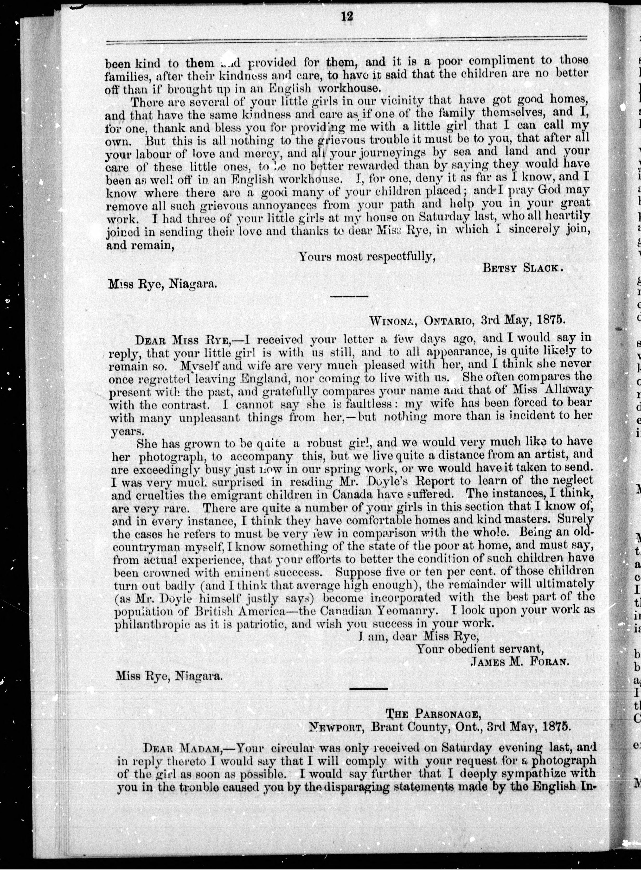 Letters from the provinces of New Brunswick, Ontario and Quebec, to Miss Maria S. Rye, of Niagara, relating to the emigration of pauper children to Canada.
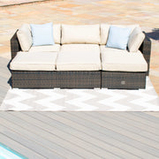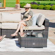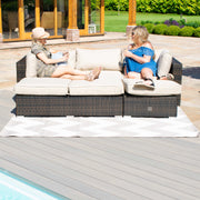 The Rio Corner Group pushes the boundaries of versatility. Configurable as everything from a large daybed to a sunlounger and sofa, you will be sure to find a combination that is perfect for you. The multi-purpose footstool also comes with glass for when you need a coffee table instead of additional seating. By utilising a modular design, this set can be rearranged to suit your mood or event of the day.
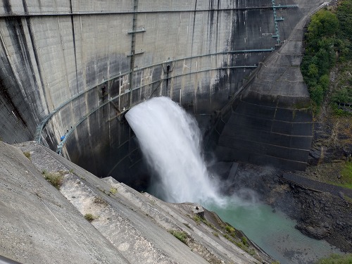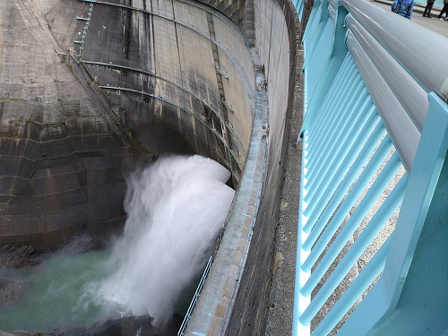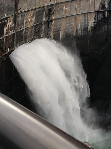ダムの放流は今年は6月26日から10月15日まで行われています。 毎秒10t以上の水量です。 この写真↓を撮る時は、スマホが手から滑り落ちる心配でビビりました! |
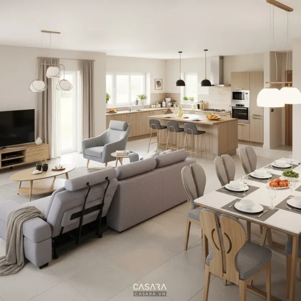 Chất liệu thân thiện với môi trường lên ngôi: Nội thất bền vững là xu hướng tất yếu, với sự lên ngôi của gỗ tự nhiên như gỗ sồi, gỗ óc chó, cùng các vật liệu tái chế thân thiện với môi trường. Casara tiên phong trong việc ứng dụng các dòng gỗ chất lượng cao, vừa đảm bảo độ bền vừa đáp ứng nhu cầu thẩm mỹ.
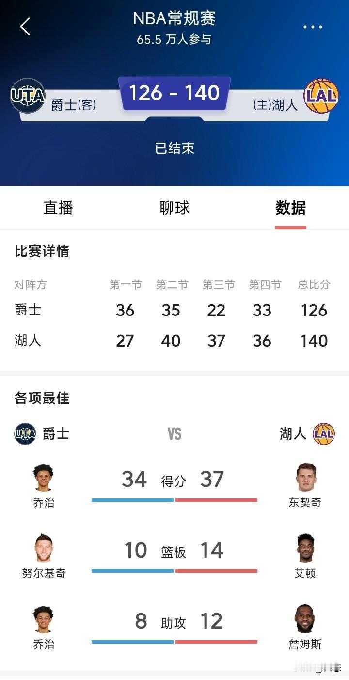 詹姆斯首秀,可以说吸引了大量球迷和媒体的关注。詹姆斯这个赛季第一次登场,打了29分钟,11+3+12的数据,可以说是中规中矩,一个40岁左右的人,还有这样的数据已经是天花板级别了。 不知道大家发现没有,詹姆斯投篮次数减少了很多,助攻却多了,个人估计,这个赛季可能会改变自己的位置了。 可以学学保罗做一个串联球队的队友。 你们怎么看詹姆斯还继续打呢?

• • • •

■ Requirement: Instruction for this listing: copy it exactly, but leave the images behind.

■ Response:
 Letters from the provinces of New Brunswick, Ontario and Quebec, to Miss Maria S. Rye, of Niagara, relating to the emigration of pauper children to Canada.
 The Rio Corner Group pushes the boundaries of versatility. Configurable as everything from a large daybed to a sunlounger and sofa, you will be sure to find a combination that is perfect for you. The multi-purpose footstool also comes with glass for when you need a coffee table instead of additional seating. By utilising a modular design, this set can be rearranged to suit your mood or event of the day.
ダムの放流は今年は6月26日から10月15日まで行われています。 毎秒10t以上の水量です。 この写真↓を撮る時は、スマホが手から滑り落ちる心配でビビりました! |
 Chất liệu thân thiện với môi trường lên ngôi: Nội thất bền vững là xu hướng tất yếu, với sự lên ngôi của gỗ tự nhiên như gỗ sồi, gỗ óc chó, cùng các vật liệu tái chế thân thiện với môi trường. Casara tiên phong trong việc ứng dụng các dòng gỗ chất lượng cao, vừa đảm bảo độ bền vừa đáp ứng nhu cầu thẩm mỹ.
 詹姆斯首秀,可以说吸引了大量球迷和媒体的关注。詹姆斯这个赛季第一次登场,打了29分钟,11+3+12的数据,可以说是中规中矩,一个40岁左右的人,还有这样的数据已经是天花板级别了。 不知道大家发现没有,詹姆斯投篮次数减少了很多,助攻却多了,个人估计,这个赛季可能会改变自己的位置了。 可以学学保罗做一个串联球队的队友。 你们怎么看詹姆斯还继续打呢?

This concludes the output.